=== DATA FOR PROCESSING ===

=== Begin Enclosure ===

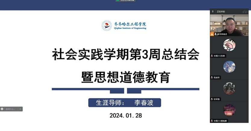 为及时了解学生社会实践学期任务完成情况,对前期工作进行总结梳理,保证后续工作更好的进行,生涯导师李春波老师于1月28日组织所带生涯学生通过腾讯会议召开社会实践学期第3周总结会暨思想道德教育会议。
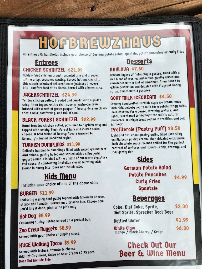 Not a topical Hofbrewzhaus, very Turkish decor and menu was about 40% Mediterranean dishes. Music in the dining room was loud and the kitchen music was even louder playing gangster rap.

=== End Enclosure ===
=== Begin Enclosure ===

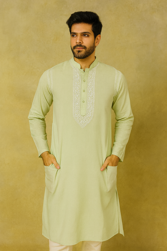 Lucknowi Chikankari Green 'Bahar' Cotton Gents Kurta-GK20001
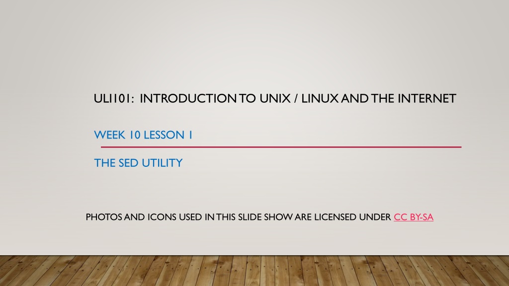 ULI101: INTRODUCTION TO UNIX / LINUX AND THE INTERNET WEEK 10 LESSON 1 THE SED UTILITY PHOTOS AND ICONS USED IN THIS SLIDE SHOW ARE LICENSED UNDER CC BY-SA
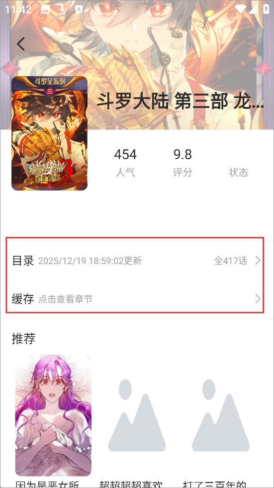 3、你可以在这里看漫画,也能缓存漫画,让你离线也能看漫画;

=== End Enclosure ===

=== WHAT YOU NEED TO DO ===
Copy exactly the part of the material above that opens with the line containing "为及时了解学生社会实践学期任" and closes with the line containing "Not a topical", ends included. Drop the images.

=== WORKED SOLUTION ===
 为及时了解学生社会实践学期任务完成情况,对前期工作进行总结梳理,保证后续工作更好的进行,生涯导师李春波老师于1月28日组织所带生涯学生通过腾讯会议召开社会实践学期第3周总结会暨思想道德教育会议。
 Not a topical Hofbrewzhaus, very Turkish decor and menu was about 40% Mediterranean dishes. Music in the dining room was loud and the kitchen music was even louder playing gangster rap.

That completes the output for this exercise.